• Exercise description
Could the lines from the start of the data through the line with "柔らかく煮込んだ肉と野菜を、" be set down exactly, with no pictures among them?

• Data provided
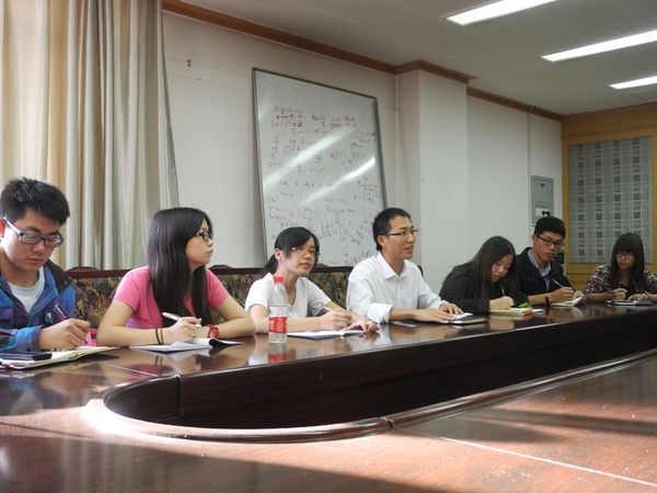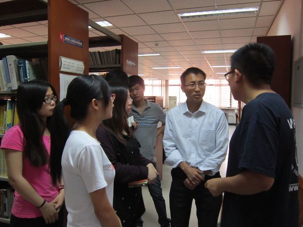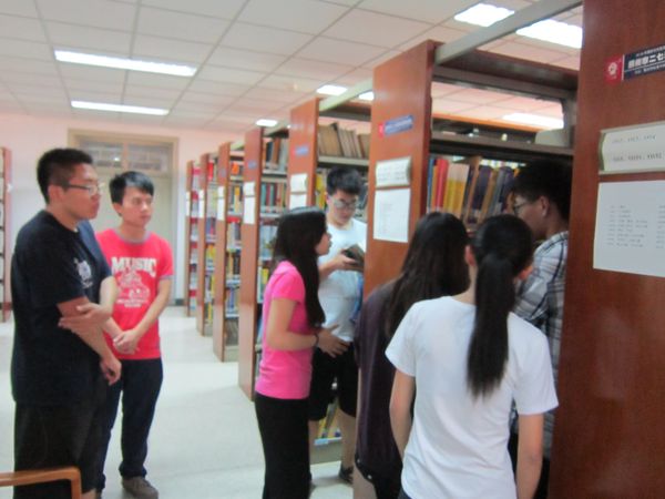 在参观北大数学学院图书馆过程中,我们首先了解到图书馆书籍的种类与分布,我们发现书籍涉猎很广,不仅仅有数学书籍,还有物理、力学、化学、医学等类书籍,其中大部分书籍是外文书籍,尤其是期刊,较多的都是西文期刊,与之相比,中文期刊较少,从中不难看出北大学子与世界接轨的足迹。更值得一提的是,北大数院图书馆还有学位论文刊物,以保存往届优秀的学位论文,供师弟师妹们阅览。接下来,我们了解了图书馆书籍的来源,其中一部分由校友赠送,另一部分由学院统一购置。在双方师生的交流中,我们更是见识到北大学子博学好学的精神。
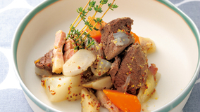 柔らかく煮込んだ肉と野菜を、相性抜群のマスタードであえた「煮込みサラダ」。うまみがギュッと凝縮されたゆで汁も「飲むサラダ」として添えましょう!
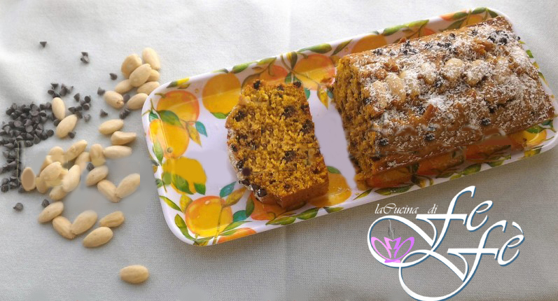 Os confieso que la calabaza amarilla es una de mis verduras otoñales favoritas, no solo porque es deliciosa y rica en propiedades beneficiosas, ¡sino sobre todo por su versatilidad! De hecho, es ideal para cualquier preparación, ¡incluso dulces! Entre los muchos preparados a lo largo de estos años, hay uno al que le tengo mucho cariño, quizás porque fue el primer experimento a base de calabaza que hice cuando decidí abrir un blog de cocina. Después de este, hubo muchos otros, pero el plumcake que hoy comparto con vosotros es realmente especial y adecuado para toda la familia. Agradezco a mi hermana por recordármelo, ya que la receta había quedado en el olvido de mi primerísimo blog, y las fotos tremendas pueden atestiguarlo, pero era una verdadera lástima no compartirla con vosotros. Es un dulce de despensa muy suave y muy aromático, rico en sabor gracias a las almendras y las gotas de chocolate. Un verdadero manjar que haría salivar a cualquiera. Perfecto para el desayuno y la merienda acompañado de una taza de chocolate caliente o una infusión caliente y aromática. Lo presenté ayer en una hermosa jornada al aire libre con la familia, ¡y debo decir que literalmente voló!

• Exercise solution
 在参观北大数学学院图书馆过程中,我们首先了解到图书馆书籍的种类与分布,我们发现书籍涉猎很广,不仅仅有数学书籍,还有物理、力学、化学、医学等类书籍,其中大部分书籍是外文书籍,尤其是期刊,较多的都是西文期刊,与之相比,中文期刊较少,从中不难看出北大学子与世界接轨的足迹。更值得一提的是,北大数院图书馆还有学位论文刊物,以保存往届优秀的学位论文,供师弟师妹们阅览。接下来,我们了解了图书馆书籍的来源,其中一部分由校友赠送,另一部分由学院统一购置。在双方师生的交流中,我们更是见识到北大学子博学好学的精神。
 柔らかく煮込んだ肉と野菜を、相性抜群のマスタードであえた「煮込みサラダ」。うまみがギュッと凝縮されたゆで汁も「飲むサラダ」として添えましょう!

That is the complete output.